Leave the pictures out, and print everything else in the records exactly.

_DATASET EXCERPTS_

··········

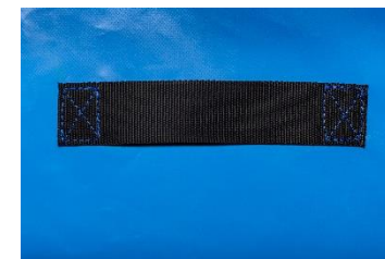
Poignée de portage
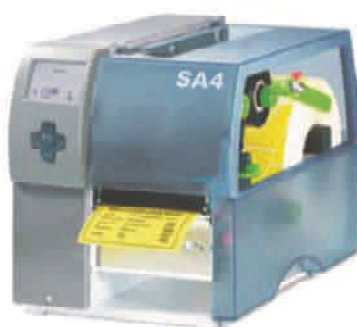
SA4 200/300/600 Dpi
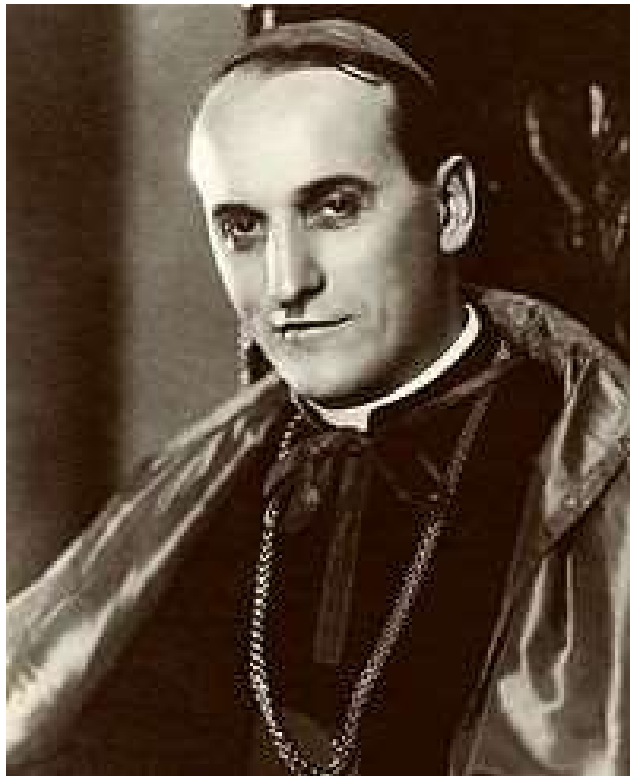
Slika 5. Blaženi kardinal Alojzije Stepinac

Njegova hrabra obrana ljudskih prava i suosjećanje prema žrtvama rata i progona učinila ga je poznatim i poštovanim širom svijeta. Međutim, njegova kritika komunističkog režima i skrb za prognane osobe doveli su ga u konflikt s vlastima, a 1946. godine bio je uhićen i suđen na montiranom procesu. Osuđen je na 16 godina zatvora, a proveo je pet godina u kućnom pritvoru u Krašiću.
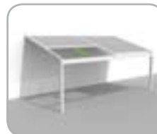
Lagune® = BASIS + Rooffix = Struktur + windfestes, wasserdichtes, lichtdurchlässiges Textilsonnenschutzdach

Konfigurationsbeispiele für eine Lagune® ≤ 6 m Anzahl der Tuchteile hängt von der Breite der Lagune® ab. Andere Konfigurationen auf Anfrage.
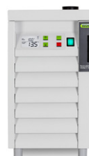
Umlaufkühler F-100 / F-105 Die einfache Art der Kühlung

··········

_SOLUTION_
Poignée de portage
SA4 200/300/600 Dpi
Slika 5. Blaženi kardinal Alojzije Stepinac

Njegova hrabra obrana ljudskih prava i suosjećanje prema žrtvama rata i progona učinila ga je poznatim i poštovanim širom svijeta. Međutim, njegova kritika komunističkog režima i skrb za prognane osobe doveli su ga u konflikt s vlastima, a 1946. godine bio je uhićen i suđen na montiranom procesu. Osuđen je na 16 godina zatvora, a proveo je pet godina u kućnom pritvoru u Krašiću.
Lagune® = BASIS + Rooffix = Struktur + windfestes, wasserdichtes, lichtdurchlässiges Textilsonnenschutzdach

Konfigurationsbeispiele für eine Lagune® ≤ 6 m Anzahl der Tuchteile hängt von der Breite der Lagune® ab. Andere Konfigurationen auf Anfrage.
Umlaufkühler F-100 / F-105 Die einfache Art der Kühlung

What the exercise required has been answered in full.